## Prompt:
Reproduce every line in the listing that contains the word "Park".

## Task material:
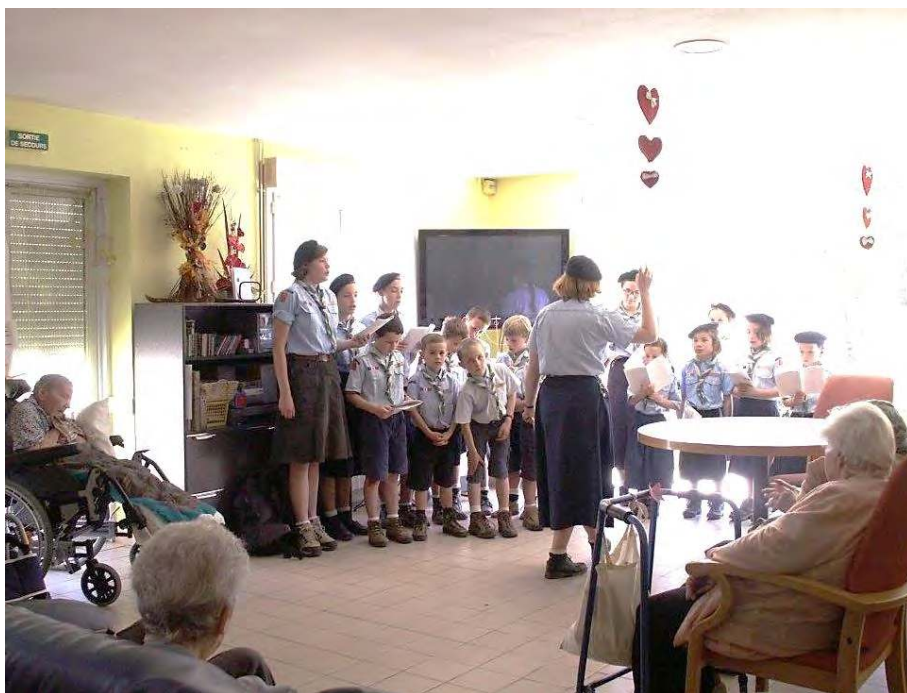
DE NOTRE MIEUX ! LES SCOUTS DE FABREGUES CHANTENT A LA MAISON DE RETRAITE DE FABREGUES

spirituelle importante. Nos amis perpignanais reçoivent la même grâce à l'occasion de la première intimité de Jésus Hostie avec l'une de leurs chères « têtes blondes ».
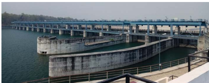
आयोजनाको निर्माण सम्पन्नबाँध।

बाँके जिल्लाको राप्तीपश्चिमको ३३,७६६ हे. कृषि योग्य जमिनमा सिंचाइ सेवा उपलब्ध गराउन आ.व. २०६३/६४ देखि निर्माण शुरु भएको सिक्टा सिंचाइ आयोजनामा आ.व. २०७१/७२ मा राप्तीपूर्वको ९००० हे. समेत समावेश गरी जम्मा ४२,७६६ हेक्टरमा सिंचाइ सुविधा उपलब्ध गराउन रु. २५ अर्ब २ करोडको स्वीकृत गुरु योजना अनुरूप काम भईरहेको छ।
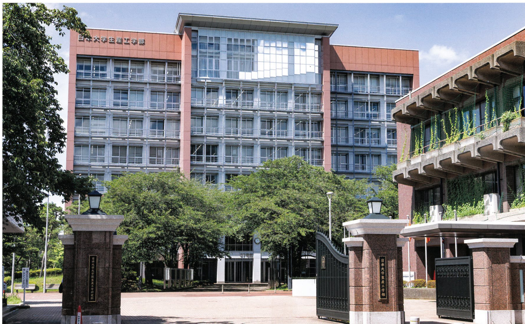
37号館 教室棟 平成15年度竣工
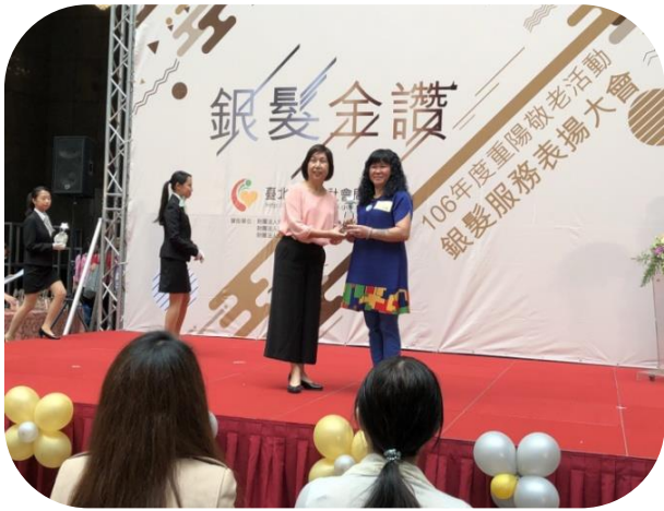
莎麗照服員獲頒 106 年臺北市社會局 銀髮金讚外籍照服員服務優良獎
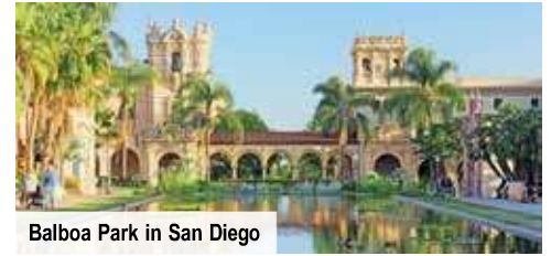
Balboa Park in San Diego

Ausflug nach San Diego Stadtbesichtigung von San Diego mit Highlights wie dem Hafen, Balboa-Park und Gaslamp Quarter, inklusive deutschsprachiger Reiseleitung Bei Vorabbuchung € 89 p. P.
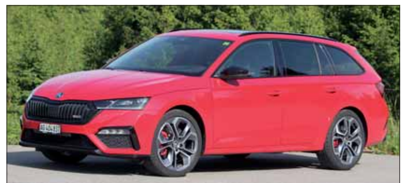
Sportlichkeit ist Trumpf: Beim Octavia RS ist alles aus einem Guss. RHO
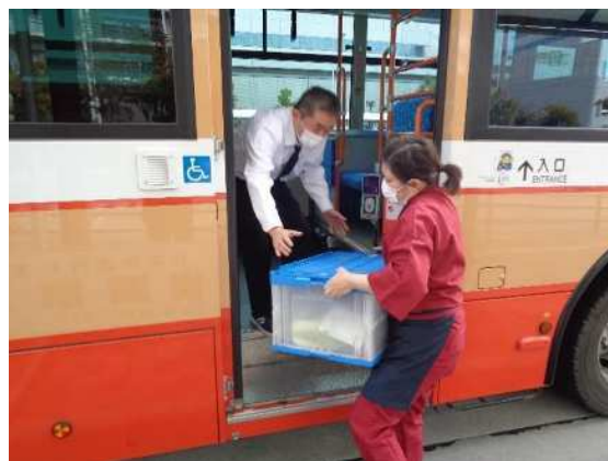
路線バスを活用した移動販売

## Response:
Balboa Park in San Diego
Ausflug nach San Diego Stadtbesichtigung von San Diego mit Highlights wie dem Hafen, Balboa-Park und Gaslamp Quarter, inklusive deutschsprachiger Reiseleitung Bei Vorabbuchung € 89 p. P.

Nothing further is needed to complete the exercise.